The need of the hour now is for brands to close the value action gap. Which is, consumers are saying that they want to buy more sustainable products and support good companies. But there are barriers. From the consumers’ perspective, cost is definitely a huge one here in India, there's also comfort, and changing consumer behaviour is extremely difficult. Convenience has been the USP for so many products over the past couple of decades - plastic packaging, etc. I think there’s a very real desire to close this gap, but I think many companies don’t know where to start. Sometimes it is tackled at the corporate level, not the brand level, they may fear of doing wrong. Within the company, there might be silos also that prevent this progress. But the truth is standing still is more risky. I think the issue is that regulation and compliance make sustainability very costly from the company’s perspective. So, what we believe is that in order for sustainability to be seen as a competitive advantage, that’s something that brands should truly embrace at a very deep level, a point of differentiation needs to be found, and therefore we have to turn to brand in order for the sustainable initiatives to really drive ROI.

So, we look at the journey of sustainability through the lens of a two by two.Imagine a Y axis, where you are plotting sustainability as central to the business strategy, or more peripheral. Think of the X axis where it's more central to brand or more peripheral. That top right hand quadrant is the Holy Grail, where the sustainably native brands and businesses like a Tesla, for example, sit. So, for brands and businesses choosing your stance on how sustainably native you want it to be, is it core, or is it periphery, is really quite important. You can either transform to be more sustainable, or you can create more sustainably native brands. That’s really the opportunity. We have a process called the good brands process, where we really help our clients assess where they are, decide where to go, help them find their focus, ideate to really see how to bring these innovation opportunities to life, and to then implement it.
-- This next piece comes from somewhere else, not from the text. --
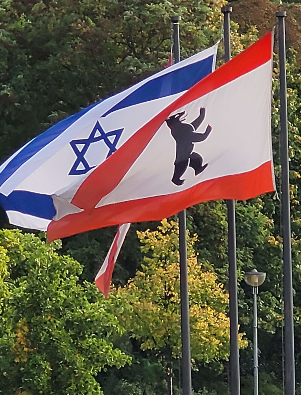 Die Bürgermeisterin betonte Israels natürliches Recht auf Selbstverteidigung. Als Zeichen der Solidarität mit den Menschen in Israel weht seit heute die blau-weiße israelische Nationalflagge vor dem Rathaus am Eichborndamm. „Wir sind in Gedanken selbstverständlich auch bei unseren nordisraelischen Städtepartnern in Kiryat Ata im Bezirk Haifa.“
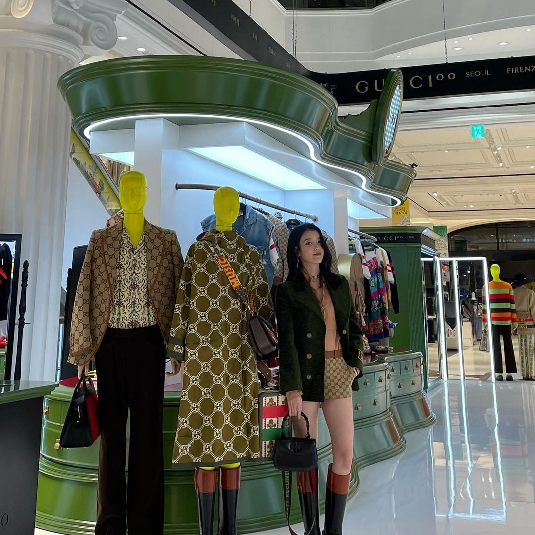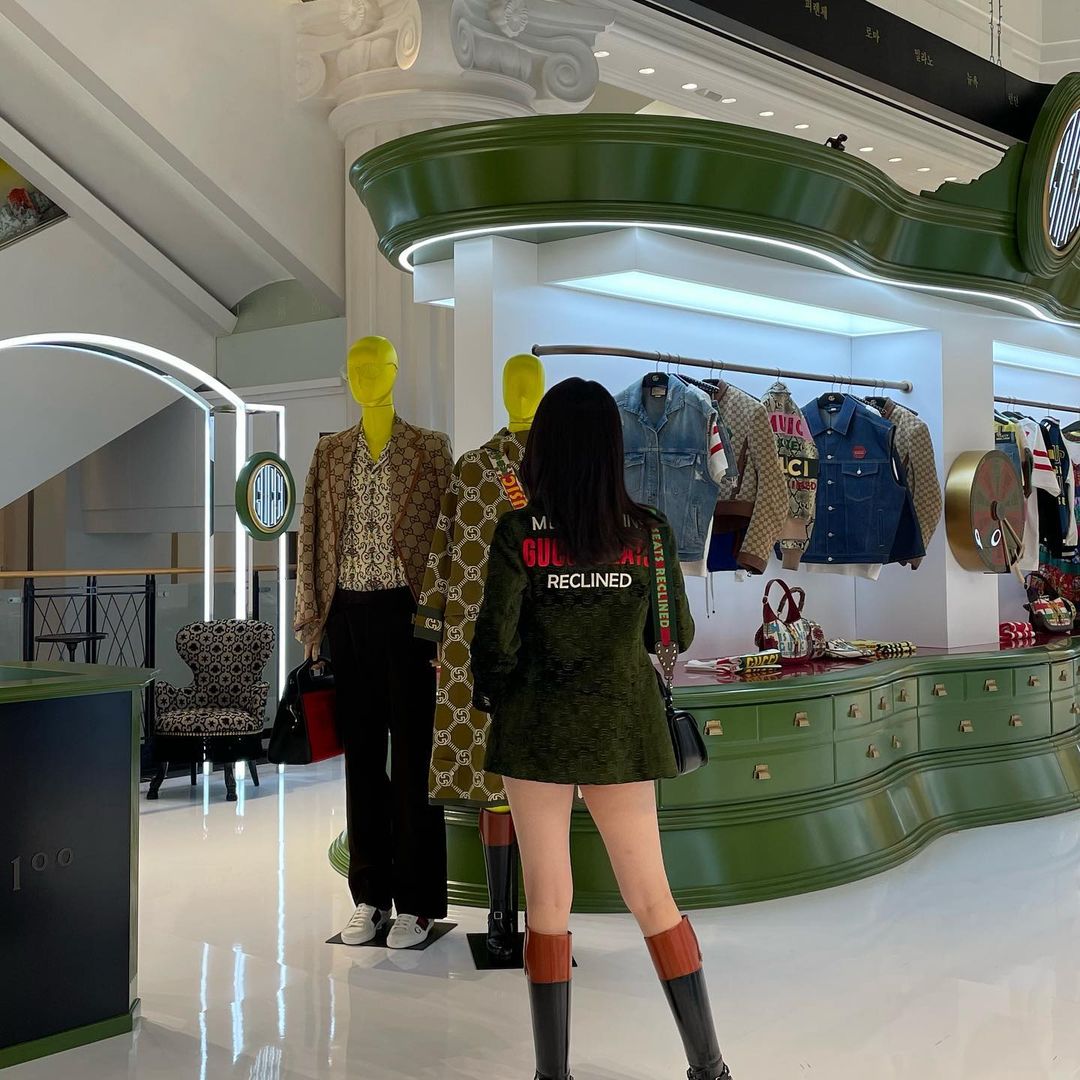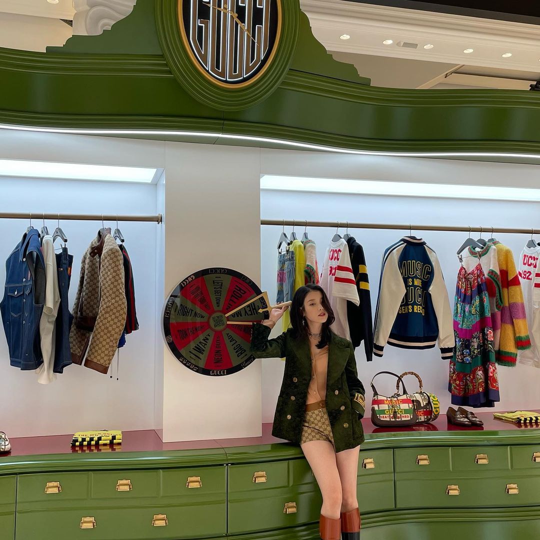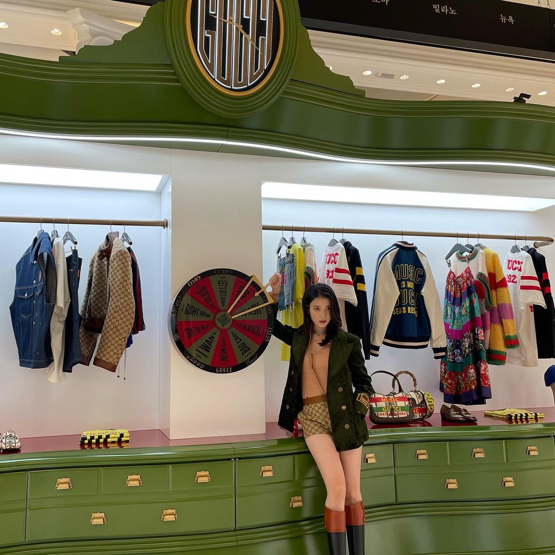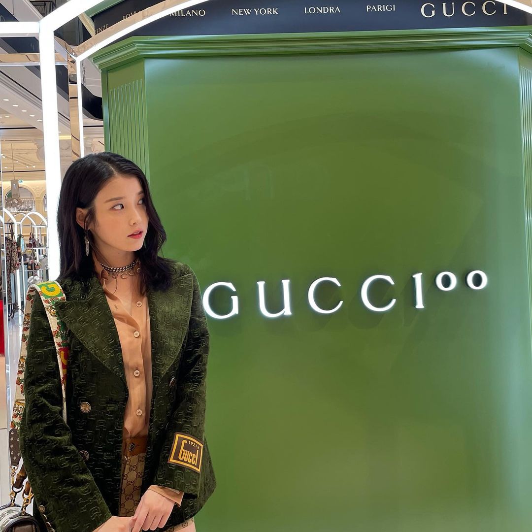 평소 비싼 옷을 잘 입지는 않지만, 구찌 브랜드로 녹색 계열의 패션 맞춤은 아이유의 미모를 돋보이게 해 준다.

Greenwashing or making a promise that’s very superficial will easily be called out in this digitally transparent world that we live in. So, you have to absolutely back up your promise or what you communicate, with what you actually do, there is no scope for anything else. You can’t just make tall claims.

How can brand custodians help brands adopt sustainable practices?

In this transparent digitally connected world, stakeholders will have no patience or tolerance for greenwashing, you have to be sincere. David Attenborough’s first message on Instagram said that “Saving the planet is a communications challenge that we know needs to be done. We just now need to do it.” I believe we have an opportunity to change the narrative for businesses and for consumers. How can we as communicators shift from a very doomsday scenario to sustainability as something that’s really going to help us and our kids’ generation really enjoy the future. So, sustainability needs to be viewed not as compliance. It is not about depriving yourself, but about something to really look forward to.

So be inclusive, inviting people into this movement, and not just talk. I think we can show businesses that brands can really lead the change, brands are catalysts for action. They are a rallying cry for the entire organisation, we can help them redefine their purpose at an organisational level, at a brand level. Look at Unilever, for example. There are great examples of companies who have really defined their corporate purpose as well as individual brand purposes. Kantar brands data shows that brands with weak purpose grew only 70%. But brands with strong purpose grew 175%. So, we can actually help them use innovation, to develop products against that purpose. We can help them really embrace and embed design thinking or new mind-set deeply in the culture. This is going to be about cultural transformation as well. And when you communicate and evangelise, we have to be authentic. We have to be transparent. We have to be brutally honest. We have to be realistic. And we can’t actually greenwash right, so it’s the inside out transformation, which is the need of the hour. I think there’s a huge opportunity to embrace brand led sustainability so that we can actually benefit people, planet and profit.